:: What to do ::
Copy the listing in full and exactly, omitting its images.
==== Raw data ====
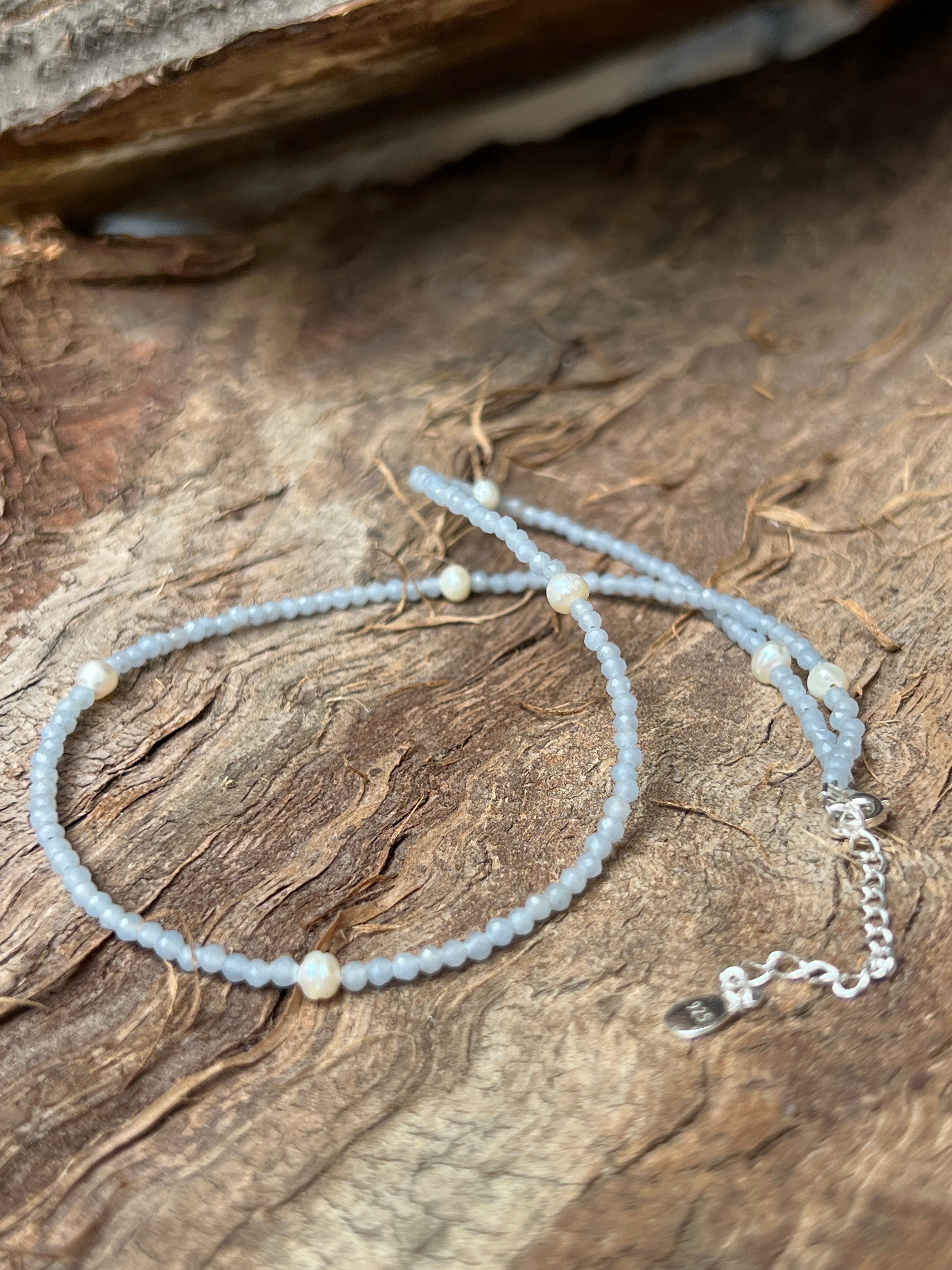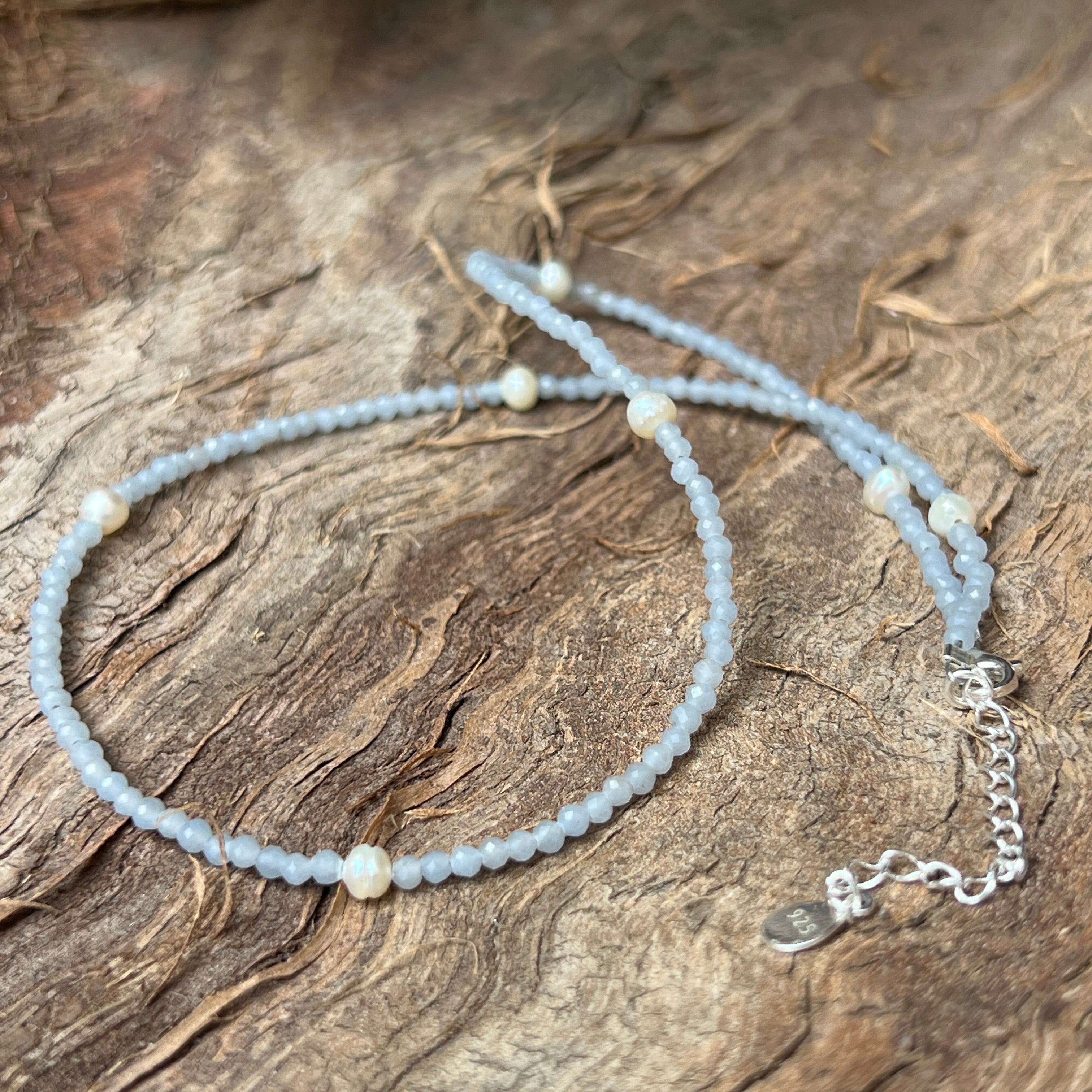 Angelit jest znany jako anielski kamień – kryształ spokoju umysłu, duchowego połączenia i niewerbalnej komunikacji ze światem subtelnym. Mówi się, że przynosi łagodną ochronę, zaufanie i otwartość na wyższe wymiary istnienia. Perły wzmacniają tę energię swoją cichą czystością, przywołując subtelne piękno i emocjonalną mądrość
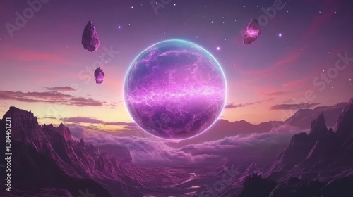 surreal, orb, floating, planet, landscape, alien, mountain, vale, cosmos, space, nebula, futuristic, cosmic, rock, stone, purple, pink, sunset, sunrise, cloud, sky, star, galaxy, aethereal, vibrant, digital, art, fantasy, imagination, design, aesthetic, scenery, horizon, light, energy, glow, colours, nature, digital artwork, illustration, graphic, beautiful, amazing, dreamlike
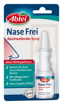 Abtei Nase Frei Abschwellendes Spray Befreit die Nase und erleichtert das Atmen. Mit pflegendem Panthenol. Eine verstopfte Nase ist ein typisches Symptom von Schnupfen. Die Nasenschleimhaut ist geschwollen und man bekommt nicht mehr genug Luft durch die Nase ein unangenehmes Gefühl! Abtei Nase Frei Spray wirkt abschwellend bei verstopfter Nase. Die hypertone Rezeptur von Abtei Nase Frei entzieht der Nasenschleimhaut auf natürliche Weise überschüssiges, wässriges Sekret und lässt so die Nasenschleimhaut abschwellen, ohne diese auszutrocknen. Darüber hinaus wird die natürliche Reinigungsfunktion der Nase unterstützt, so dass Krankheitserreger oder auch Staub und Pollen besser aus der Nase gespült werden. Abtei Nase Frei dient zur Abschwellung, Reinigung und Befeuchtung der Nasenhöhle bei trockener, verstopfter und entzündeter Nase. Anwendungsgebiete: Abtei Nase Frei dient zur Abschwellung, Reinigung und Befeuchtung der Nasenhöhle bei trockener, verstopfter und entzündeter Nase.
====
:: Answer for this exercise ::
 Angelit jest znany jako anielski kamień – kryształ spokoju umysłu, duchowego połączenia i niewerbalnej komunikacji ze światem subtelnym. Mówi się, że przynosi łagodną ochronę, zaufanie i otwartość na wyższe wymiary istnienia. Perły wzmacniają tę energię swoją cichą czystością, przywołując subtelne piękno i emocjonalną mądrość
 surreal, orb, floating, planet, landscape, alien, mountain, vale, cosmos, space, nebula, futuristic, cosmic, rock, stone, purple, pink, sunset, sunrise, cloud, sky, star, galaxy, aethereal, vibrant, digital, art, fantasy, imagination, design, aesthetic, scenery, horizon, light, energy, glow, colours, nature, digital artwork, illustration, graphic, beautiful, amazing, dreamlike
 Abtei Nase Frei Abschwellendes Spray Befreit die Nase und erleichtert das Atmen. Mit pflegendem Panthenol. Eine verstopfte Nase ist ein typisches Symptom von Schnupfen. Die Nasenschleimhaut ist geschwollen und man bekommt nicht mehr genug Luft durch die Nase ein unangenehmes Gefühl! Abtei Nase Frei Spray wirkt abschwellend bei verstopfter Nase. Die hypertone Rezeptur von Abtei Nase Frei entzieht der Nasenschleimhaut auf natürliche Weise überschüssiges, wässriges Sekret und lässt so die Nasenschleimhaut abschwellen, ohne diese auszutrocknen. Darüber hinaus wird die natürliche Reinigungsfunktion der Nase unterstützt, so dass Krankheitserreger oder auch Staub und Pollen besser aus der Nase gespült werden. Abtei Nase Frei dient zur Abschwellung, Reinigung und Befeuchtung der Nasenhöhle bei trockener, verstopfter und entzündeter Nase. Anwendungsgebiete: Abtei Nase Frei dient zur Abschwellung, Reinigung und Befeuchtung der Nasenhöhle bei trockener, verstopfter und entzündeter Nase.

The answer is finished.